Reconstructing Probable Future Solutions into Four Layers

As a result, the following policy recommendations for Thailand could be derived from the lessons learned in Singapore:

Table 1: Desired Future Solutions for Vulnerable Children under the Framework of CLA

Layers of CLA Layers of Policy Recommendations for Thailand
Policies/Statistics/Observable Actions -Include foster care in the bilateral platform to strengthen institutional ties between the two civil services, and monitors Thailand-Singapore collaboration in the existing Civil Service Exchange Program (CSEP).

-Revise Article 33 of the Child Protection Act (2003) to clarify the parameters, including age and duration, under which a child may be institutionalized based on their developmental needs.

-Revise the context of Article 61 of the Child Protection Act’s (2003) “reasonably applied punishments for disciplinary measures”.

-Revise the accessibility and quality of rural education to give greater possibilities for children and families, particularly hill tribes and migrants.

-Establish relationships and trust with private residential care providers through a local NGOs network so that data on registered/unregistered centers and children in care can be properly accessed for future monitoring and transition to family-based care.

-Collaborate with adult education institutes to develop mandated training for foster parents and the social service sector.

System/Structure/Historical Evolution -Revise Ministry of Social Development and Human Security’s (MSDHS) and Department of Children and Youth’s (DCY) organizational structure by bringing together at the policy table units that work with children and families, as well as residential care representatives and multidiscipline institutes.

-Revise the amount of financial support for foster parents to suit the living expenses of each province, based on an assessment of local government and NGOs’ networks.

-Increase the number of social workers trained in family strengthening and reunification, as well as designing suitable matching and care plans for children transitioning out of residential care.

-Create a localized Trauma-Informed Model based on a Relationship Approach to help foster parents understand their children’s behavior and minimize meltdowns.

-Recruit, train, and monitor respite care volunteers to let residential and foster care parents have a break while also forming relationships with their children in preparation for their transition out.

Discourses/Worldviews/Ways of Knowing -Increase positive role models and ongoing publicity to recruit foster parents through local NGOs, online platforms, local radio stations, news, and TV soap operas.

-Offer comprehensive parenting training to all parents, particularly those with traumatized children, on how to love, teach, train, and discipline their children in all circumstances.

-Create platforms that allow foster parents and residential care moving into family-based care to share their experiences and successful methods.

-Create new proverbial wisdom that promotes healthy holistic parenting, decreasing the use of physical discipline and caring for non-blood related vulnerable children.

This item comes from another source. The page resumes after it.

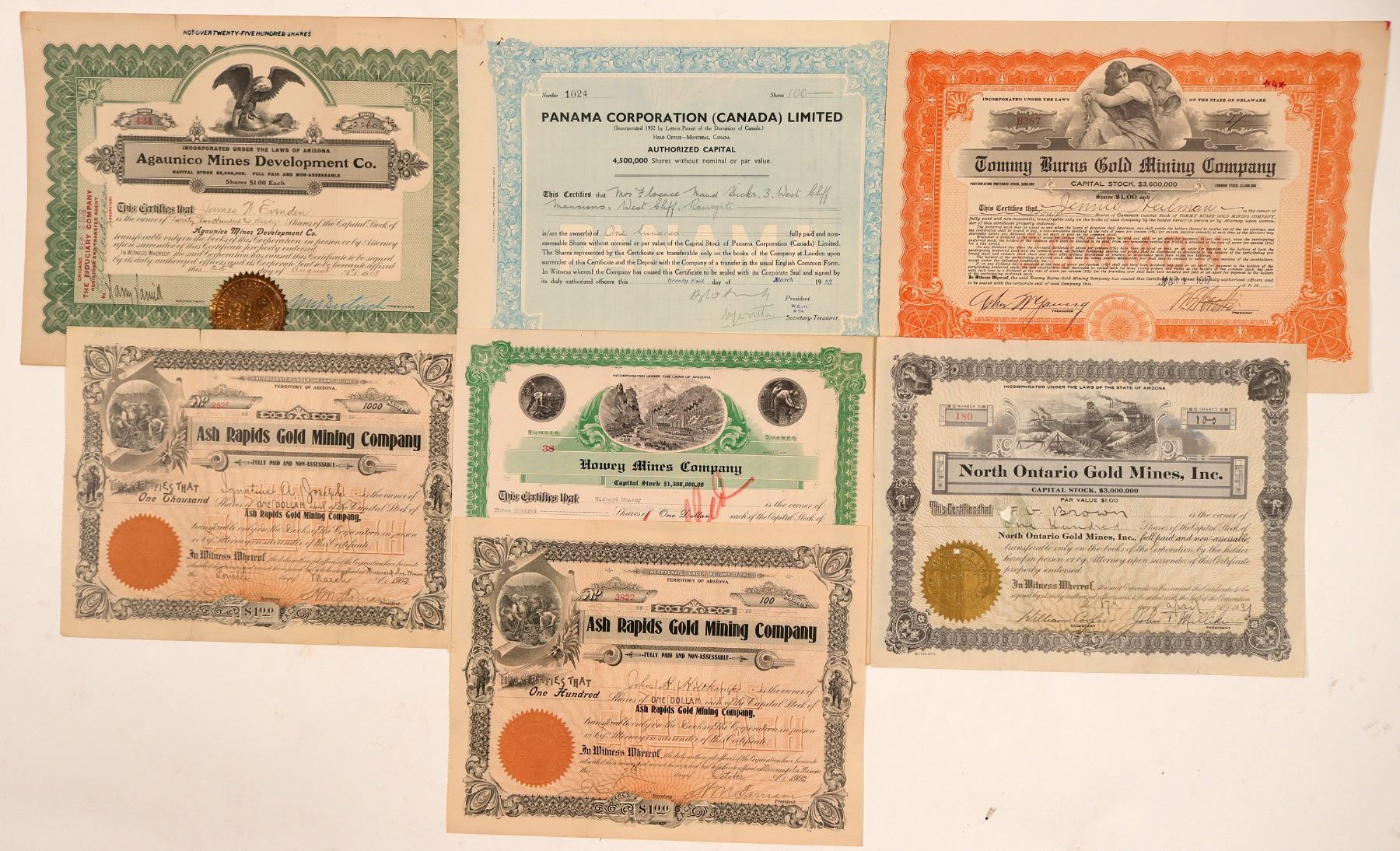 1) Tommy Burns Gold MC. # B387 for 4 shares. Located in the Porcupine Gold Fields. 2-3) Ash Rapids Gold Mining Company. Numbers 2525 and 3822, 1902 and 1903. Not cancelled. Located at Lake of the Woods in Kenora, Ontario. 4) North Ontario Gold Mines, Inc. # 180. Located at the Porcupine Gold Fields. Dateline 1931. Incorporated 1931. 5) Howey Mines. We make this to be an Ontario stock, although there are other Howey mines. Number 38. Dateline 1933. Red crayon cancelled. 6) Agaunico Mines Development Company. # 434 for 22,606 shares - a large number! Not cancelled. Dateline 1908. 7) Panama Corporation (Canada) Limited. Number 1024 for 100 shares. Dateline 1933. Not cancelled. Ken Prag Collection

Unconscious Beliefs/Metaphor/Myths -Examine the mental health of caregivers in all alternative care settings, as they are the “closest” to the children and their unconscious beliefs may impact how they treat them.

-Dispel falsehoods about caring for non-blood related vulnerable children and alternative care, particularly foster care, via distributing booklets and local media titled “Truth and Lies” or “Questions and Answers.”

-Provide secure and anonymous channels/platforms for reporting child abuse and violence.